In the listing below, find the line with "馬康與陜西銀基房地產開發(fā)有限責任公司一案公告" and copy every line from there up to and including the line with "Pour améliorer la", exactly and without pictures.

Top of Dataset records

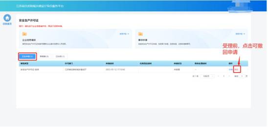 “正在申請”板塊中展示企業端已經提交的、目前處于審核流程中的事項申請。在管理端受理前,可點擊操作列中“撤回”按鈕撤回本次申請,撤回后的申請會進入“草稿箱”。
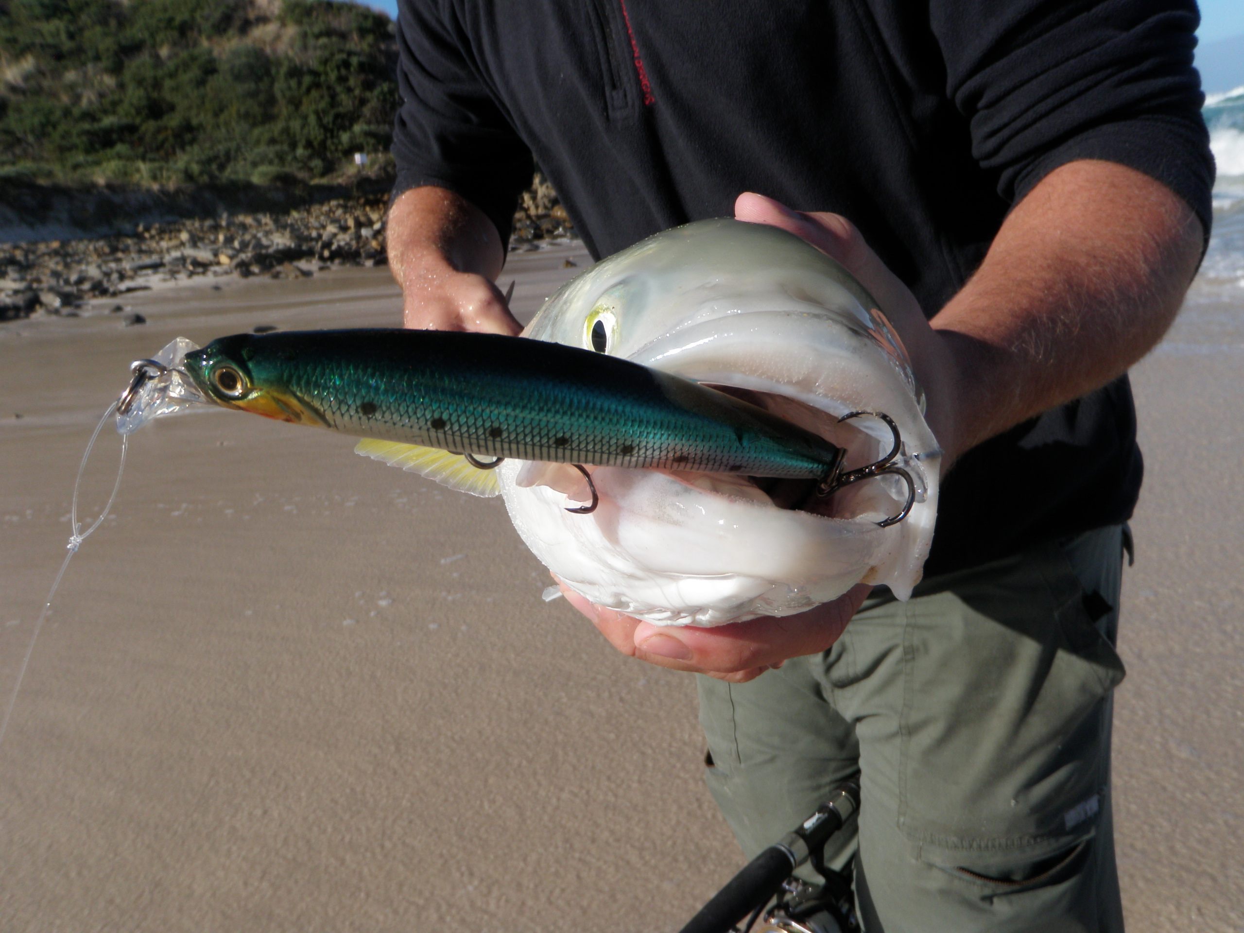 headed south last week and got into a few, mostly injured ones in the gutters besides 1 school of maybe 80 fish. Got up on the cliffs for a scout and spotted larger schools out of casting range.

Bottom of Dataset records
Top of Dataset records

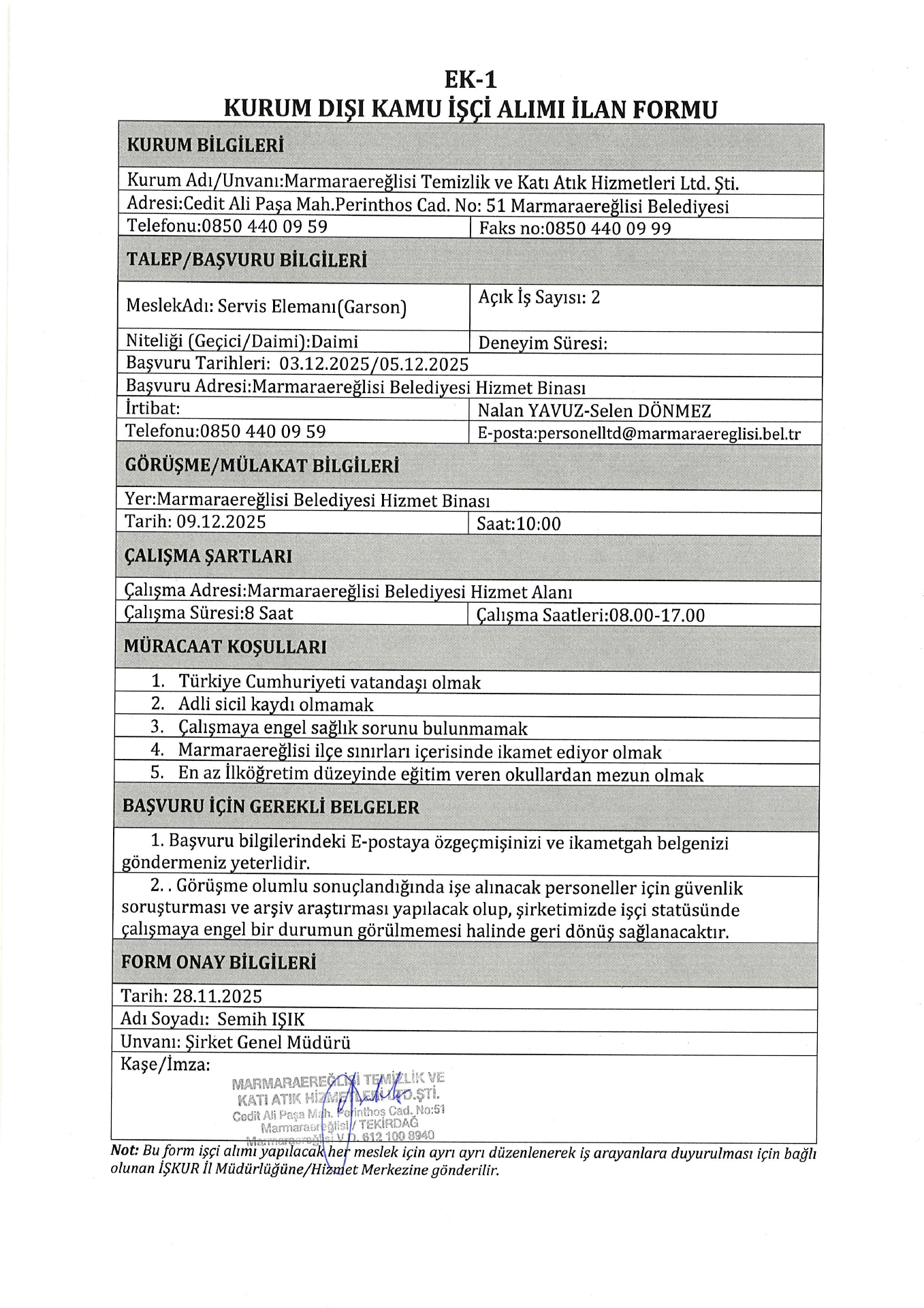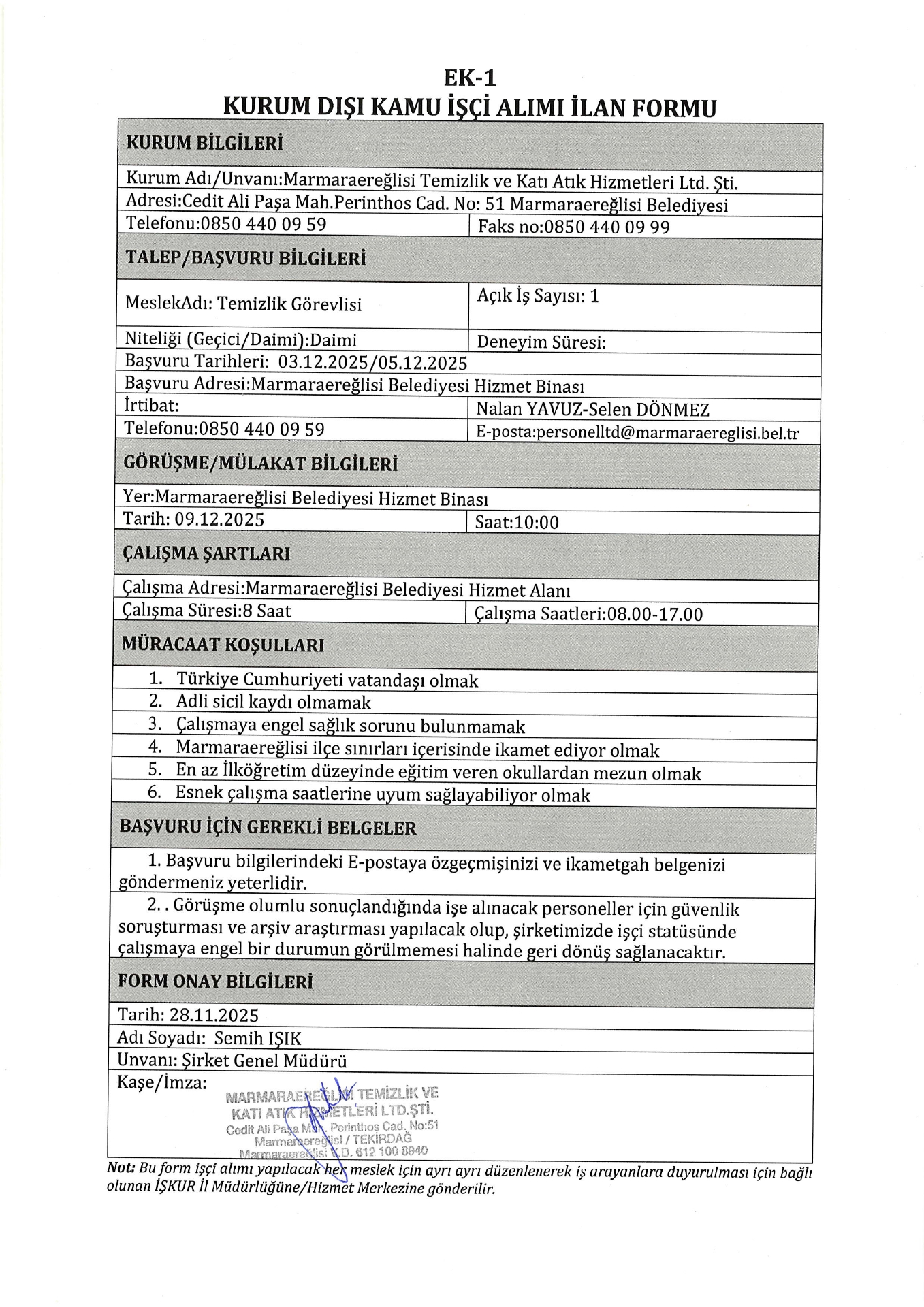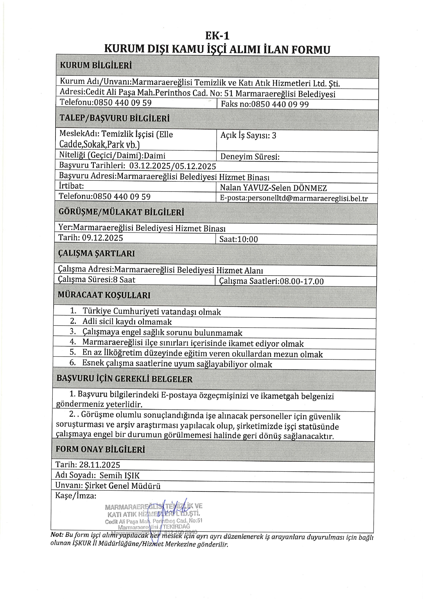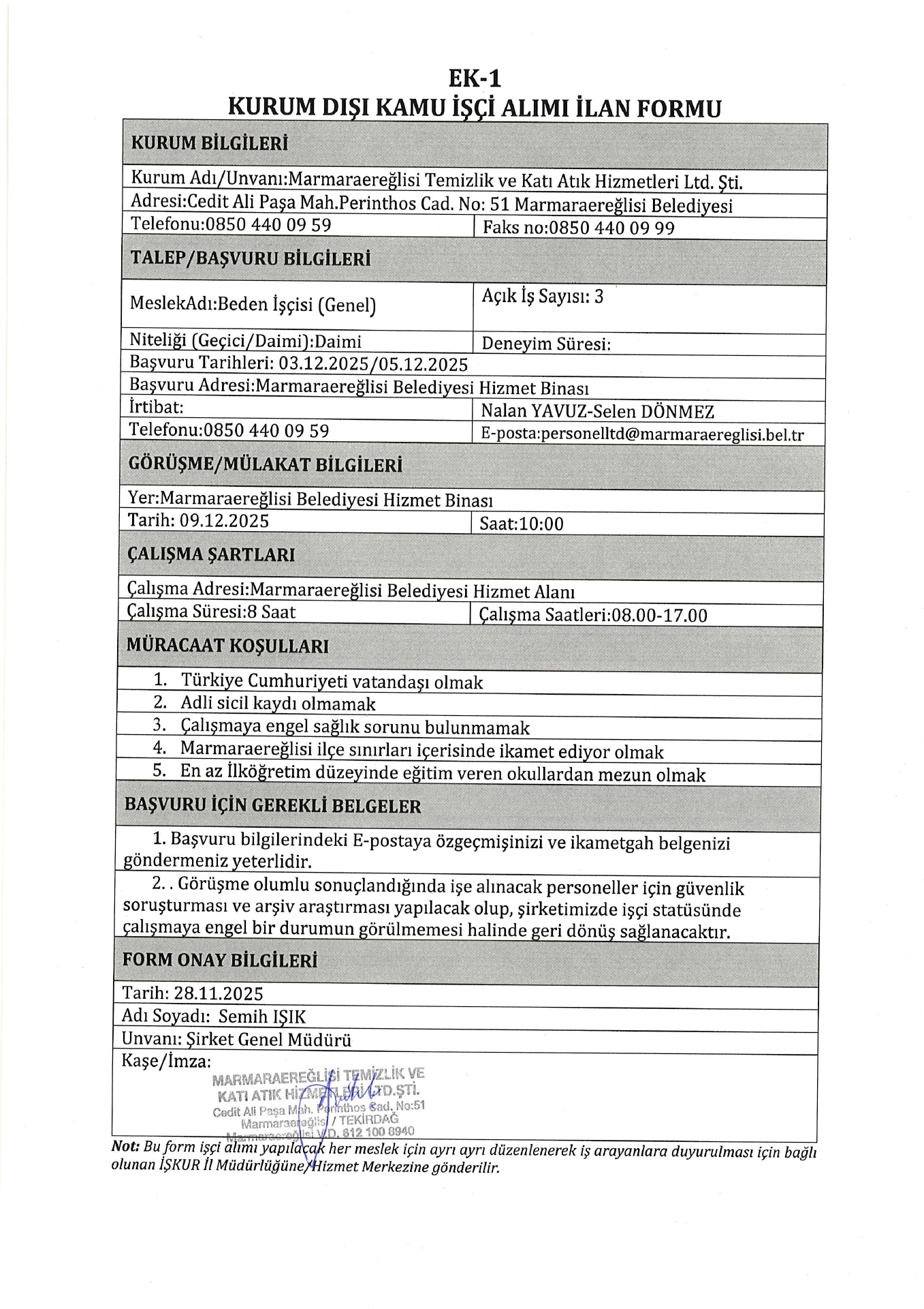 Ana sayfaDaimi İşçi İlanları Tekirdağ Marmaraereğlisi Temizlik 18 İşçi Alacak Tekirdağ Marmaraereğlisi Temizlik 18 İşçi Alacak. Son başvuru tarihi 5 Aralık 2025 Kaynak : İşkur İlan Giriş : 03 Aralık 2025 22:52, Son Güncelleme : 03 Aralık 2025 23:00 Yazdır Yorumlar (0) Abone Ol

Bottom of Dataset records
Top of Dataset records

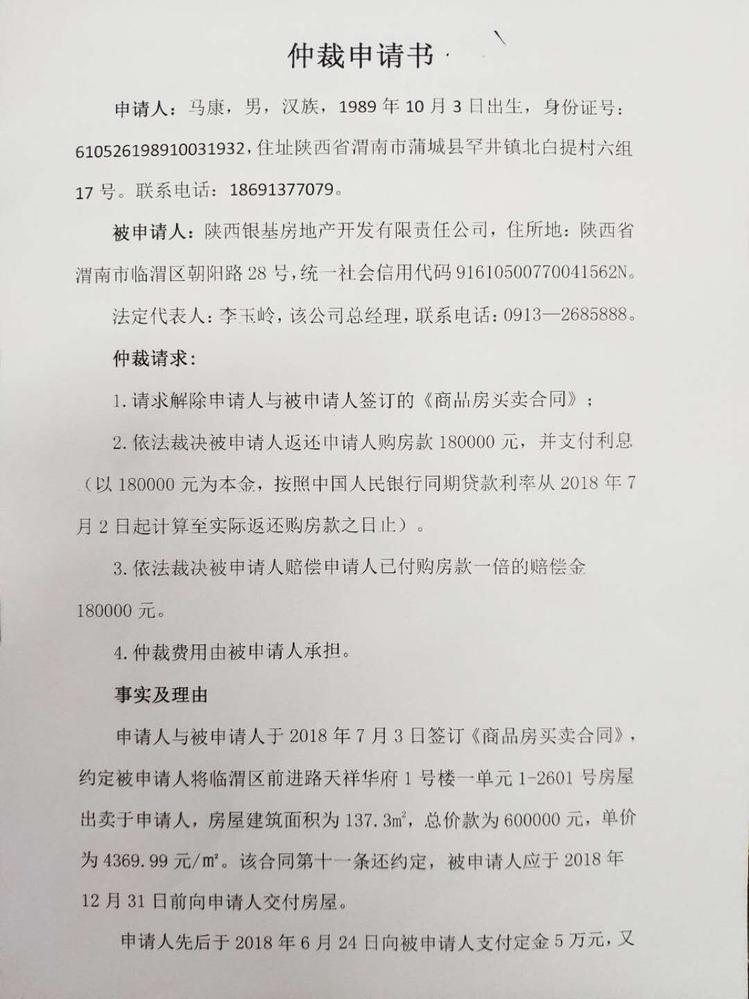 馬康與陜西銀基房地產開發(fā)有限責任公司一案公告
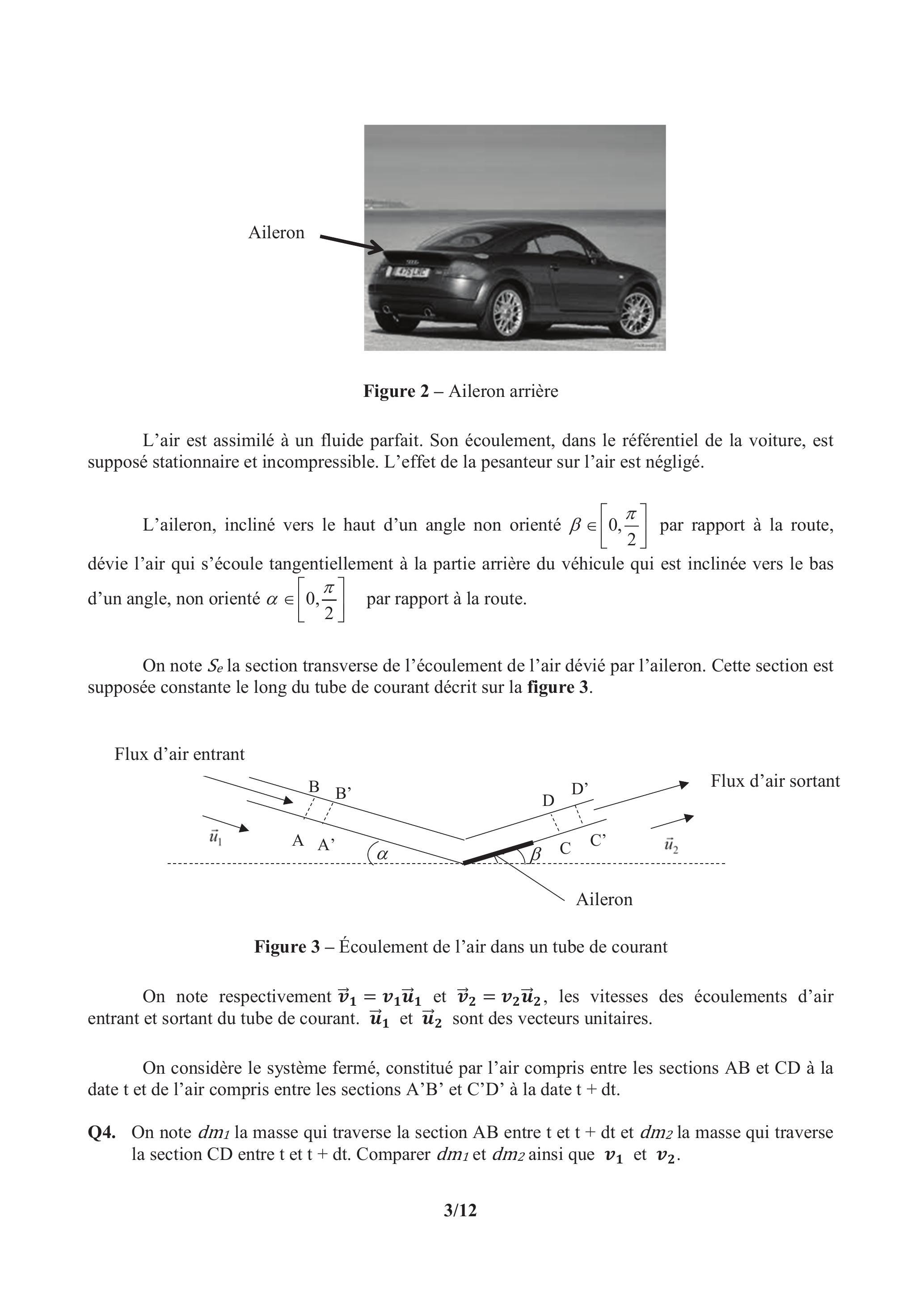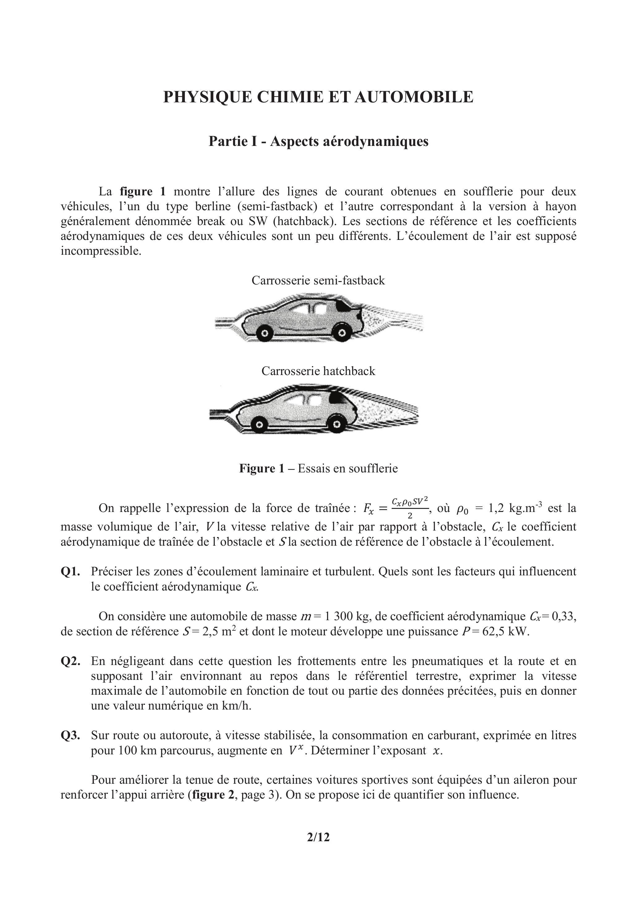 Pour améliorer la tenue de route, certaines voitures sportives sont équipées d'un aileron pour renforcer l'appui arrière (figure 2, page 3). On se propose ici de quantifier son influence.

Bottom of Dataset records

Final answer:
 馬康與陜西銀基房地產開發(fā)有限責任公司一案公告
 Pour améliorer la tenue de route, certaines voitures sportives sont équipées d'un aileron pour renforcer l'appui arrière (figure 2, page 3). On se propose ici de quantifier son influence.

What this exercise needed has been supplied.